● **Work instruction**
Within the listing that follows, reproduce exactly the lines starting at the line with "Tähti ZC 1670, 87" and ending at the line with "一般来说,根据无源器件制作工", inclusive, and only those. Pictures are dropped.

● **Data shown**
----------

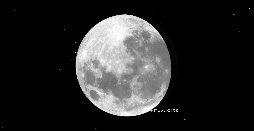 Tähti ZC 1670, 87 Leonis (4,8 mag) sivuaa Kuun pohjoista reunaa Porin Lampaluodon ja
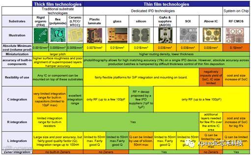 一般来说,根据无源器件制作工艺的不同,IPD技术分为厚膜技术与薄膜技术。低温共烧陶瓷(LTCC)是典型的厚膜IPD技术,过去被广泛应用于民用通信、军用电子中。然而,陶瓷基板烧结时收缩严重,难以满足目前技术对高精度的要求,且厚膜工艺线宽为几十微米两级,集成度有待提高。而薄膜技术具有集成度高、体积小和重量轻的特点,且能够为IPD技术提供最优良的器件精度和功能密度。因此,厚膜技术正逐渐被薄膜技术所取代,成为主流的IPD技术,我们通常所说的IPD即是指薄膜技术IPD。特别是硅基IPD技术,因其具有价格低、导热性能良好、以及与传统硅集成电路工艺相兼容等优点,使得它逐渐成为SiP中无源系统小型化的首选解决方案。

----------

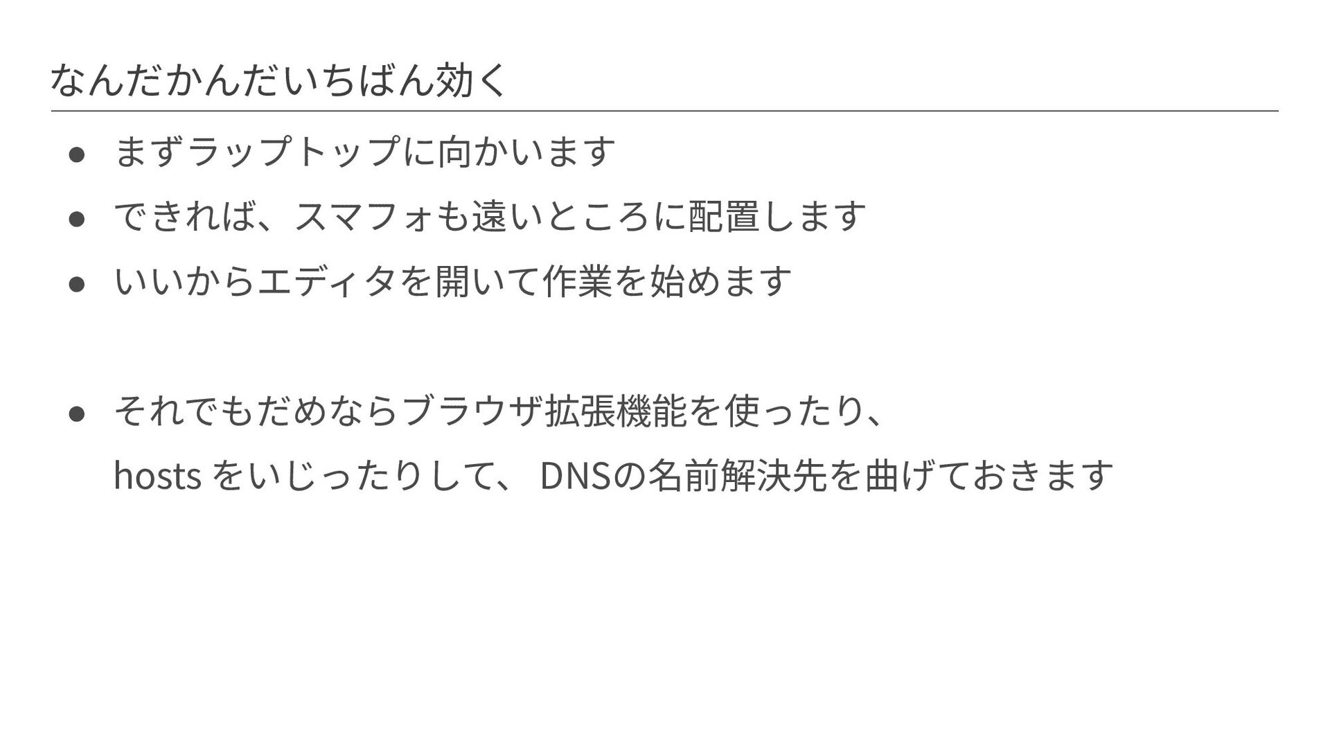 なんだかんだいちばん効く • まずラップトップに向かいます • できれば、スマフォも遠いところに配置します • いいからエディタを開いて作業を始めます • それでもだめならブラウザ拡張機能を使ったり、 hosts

----------

● **Answer**
 Tähti ZC 1670, 87 Leonis (4,8 mag) sivuaa Kuun pohjoista reunaa Porin Lampaluodon ja
 一般来说,根据无源器件制作工艺的不同,IPD技术分为厚膜技术与薄膜技术。低温共烧陶瓷(LTCC)是典型的厚膜IPD技术,过去被广泛应用于民用通信、军用电子中。然而,陶瓷基板烧结时收缩严重,难以满足目前技术对高精度的要求,且厚膜工艺线宽为几十微米两级,集成度有待提高。而薄膜技术具有集成度高、体积小和重量轻的特点,且能够为IPD技术提供最优良的器件精度和功能密度。因此,厚膜技术正逐渐被薄膜技术所取代,成为主流的IPD技术,我们通常所说的IPD即是指薄膜技术IPD。特别是硅基IPD技术,因其具有价格低、导热性能良好、以及与传统硅集成电路工艺相兼容等优点,使得它逐渐成为SiP中无源系统小型化的首选解决方案。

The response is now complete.